**Aim of the exercise:** The task for the listing below is to write out exactly the lines starting at the one containing "Σφοδρή αντιπαράθεση για" and ending at the one containing "Zestaw zawiera ciemną", both included. Pictures are to be omitted.

**Given data:**
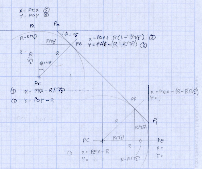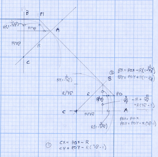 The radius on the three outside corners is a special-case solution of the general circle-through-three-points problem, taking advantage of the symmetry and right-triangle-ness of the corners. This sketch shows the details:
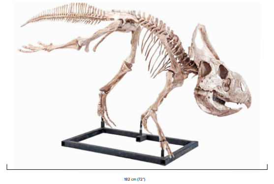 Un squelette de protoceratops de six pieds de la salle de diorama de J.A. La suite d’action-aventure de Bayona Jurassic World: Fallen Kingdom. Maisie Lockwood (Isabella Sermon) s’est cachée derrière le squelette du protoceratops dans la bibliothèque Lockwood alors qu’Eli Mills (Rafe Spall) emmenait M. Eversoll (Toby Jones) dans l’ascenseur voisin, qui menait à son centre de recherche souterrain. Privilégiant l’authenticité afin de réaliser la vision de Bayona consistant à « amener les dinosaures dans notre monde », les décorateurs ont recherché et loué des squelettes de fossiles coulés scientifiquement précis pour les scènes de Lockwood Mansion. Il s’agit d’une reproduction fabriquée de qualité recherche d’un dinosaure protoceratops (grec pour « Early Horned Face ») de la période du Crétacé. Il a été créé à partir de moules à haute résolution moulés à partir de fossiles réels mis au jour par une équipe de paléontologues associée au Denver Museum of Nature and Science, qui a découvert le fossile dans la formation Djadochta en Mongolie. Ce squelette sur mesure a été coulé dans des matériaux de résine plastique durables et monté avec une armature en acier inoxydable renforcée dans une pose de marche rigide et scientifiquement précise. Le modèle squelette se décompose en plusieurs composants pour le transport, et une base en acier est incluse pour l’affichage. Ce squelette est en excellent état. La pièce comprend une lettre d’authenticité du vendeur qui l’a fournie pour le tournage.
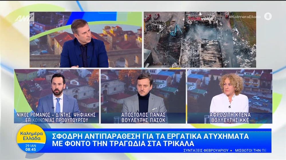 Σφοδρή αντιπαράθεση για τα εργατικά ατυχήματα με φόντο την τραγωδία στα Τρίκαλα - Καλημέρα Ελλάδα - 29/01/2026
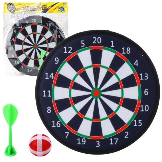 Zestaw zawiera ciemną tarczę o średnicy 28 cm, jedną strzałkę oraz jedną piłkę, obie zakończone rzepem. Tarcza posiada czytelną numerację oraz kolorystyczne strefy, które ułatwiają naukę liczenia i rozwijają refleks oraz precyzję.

==

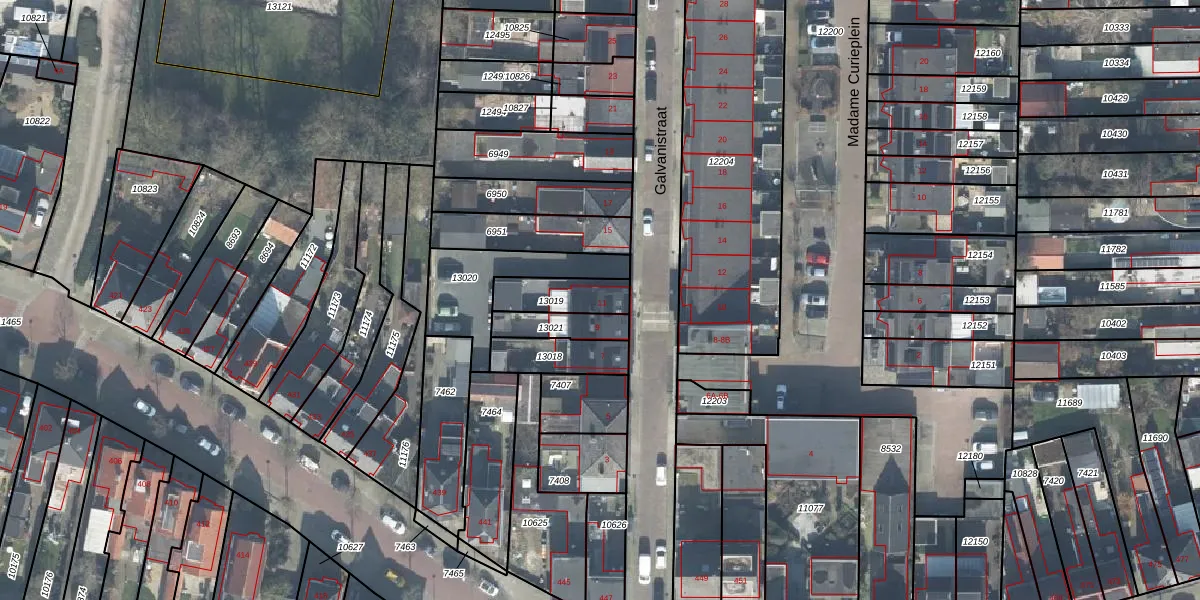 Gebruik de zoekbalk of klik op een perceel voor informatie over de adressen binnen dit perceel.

**Result of the task:**
 Σφοδρή αντιπαράθεση για τα εργατικά ατυχήματα με φόντο την τραγωδία στα Τρίκαλα - Καλημέρα Ελλάδα - 29/01/2026
 Zestaw zawiera ciemną tarczę o średnicy 28 cm, jedną strzałkę oraz jedną piłkę, obie zakończone rzepem. Tarcza posiada czytelną numerację oraz kolorystyczne strefy, które ułatwiają naukę liczenia i rozwijają refleks oraz precyzję.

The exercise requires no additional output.